L’art ANSI est le dernier né d’une longue tradition d’art textuel pratiqué sous forme d’art ASCII sur les BBS et les télétypes avant le PC IBM, et même sur les machines à écrire pendant près de 100 ans avant l’ère du PC.

Pourquoi les gens utilisaient-ils l’art ASCII ?

Sans aucune autre capacité graphique sur laquelle s’appuyer, de nombreux BBS basés sur PC ont utilisé l’art ANSI comme décoration et embellissement pour ajouter de la personnalité à leurs systèmes. Les appelants BBS échangeaient ou collectionnaient parfois des œuvres d’art ANSI (avec l’extension de fichier .ANS) pour le plaisir.
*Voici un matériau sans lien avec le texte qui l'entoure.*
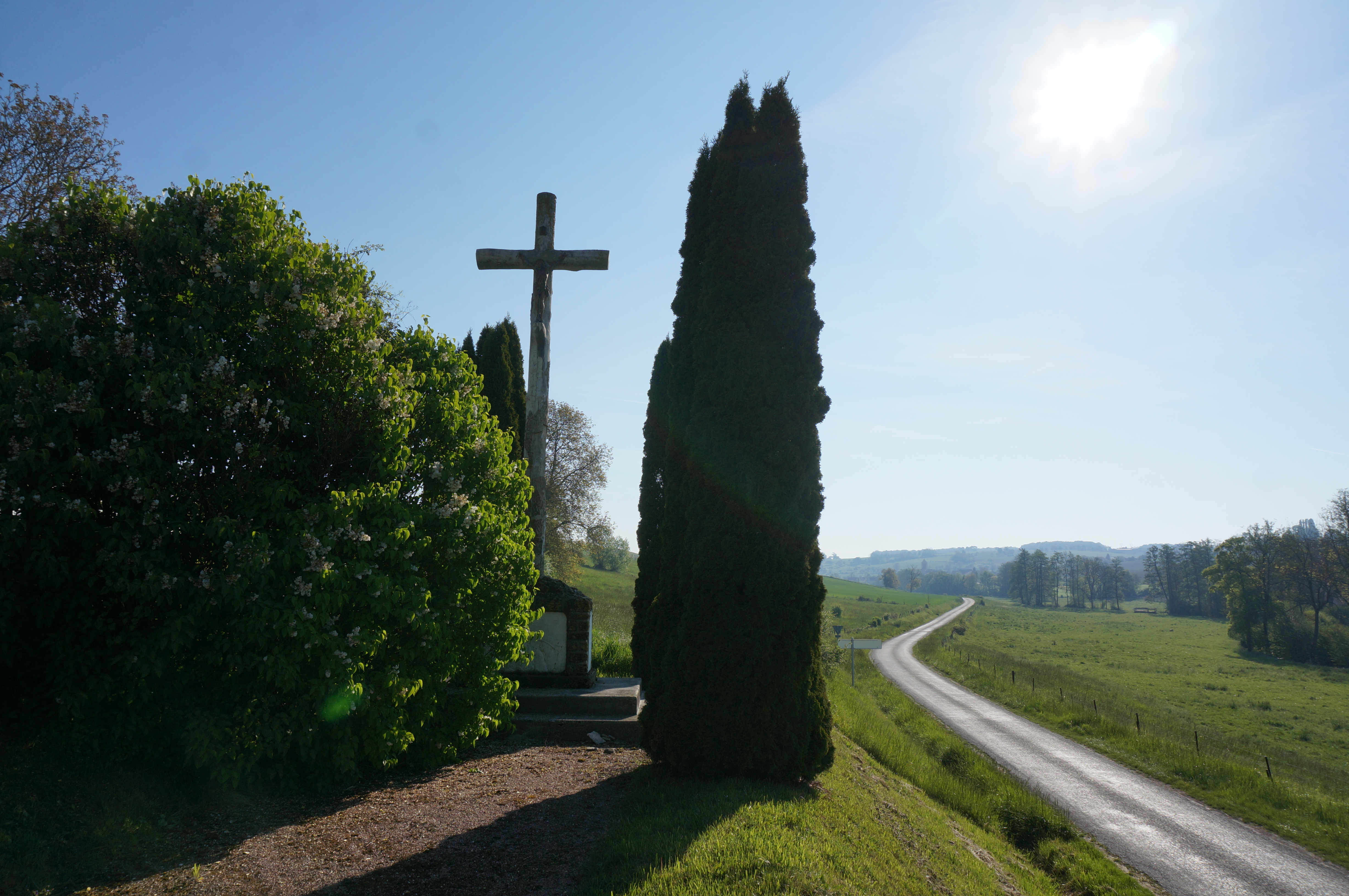 Monument_De_La_Verdure.

De même, les jeux de porte BBS (tels que TradeWars 2002 et Legend of the Red Dragon, par exemple) utilisaient l’art ANSI pour les écrans de titre et les illustrations colorées qui ajoutaient de l’atmosphère à l’expérience de jeu.

Pour créer des illustrations ANSI, les gens utilisaient souvent un programme spécial appelé éditeur ANSI. Le premier éditeur ANSI spécialisé connu était ANSIdraw, sorti vers 1985. L’année suivante, Ian Davis a publié TheDraw, qui est devenu l’éditeur d’art ANSI le plus populaire pendant de nombreuses années. Plus tard, les artistes spécialisés dans l’ANSI se sont tournés vers des programmes plus sophistiqués tels que ACiDDraw et PabloDraw, qui est maintenu aujourd’hui.

Une fois que l’ANSI est devenu une forme d’art populaire sur les BBS, il n’a pas fallu longtemps pour qu’une communauté artistique dédiée à l’ANSI se développe. Différents groupes tels que ACiD Productions (abréviation initiale de  » ANSI Creators In Demand « ) et iCE ( » Insane Creator Enterprises « ) rassemblaient les meilleures œuvres d’un groupe d’artistes et les distribuaient régulièrement dans des  » art packs  » (fichiers compressés remplis d’ANSI) qui étaient échangés sur les BBS.

Qu’est-il arrivé à l’art ANSI ?

Au milieu des années 1990, l’essor du web graphique a rendu obsolètes les communications textuelles par terminal série. Le web graphique pouvait afficher des images en mode point, différentes polices de caractères haute résolution et pouvait être utilisé à l’aide d’une souris dans une interface utilisateur graphique (GUI) moderne.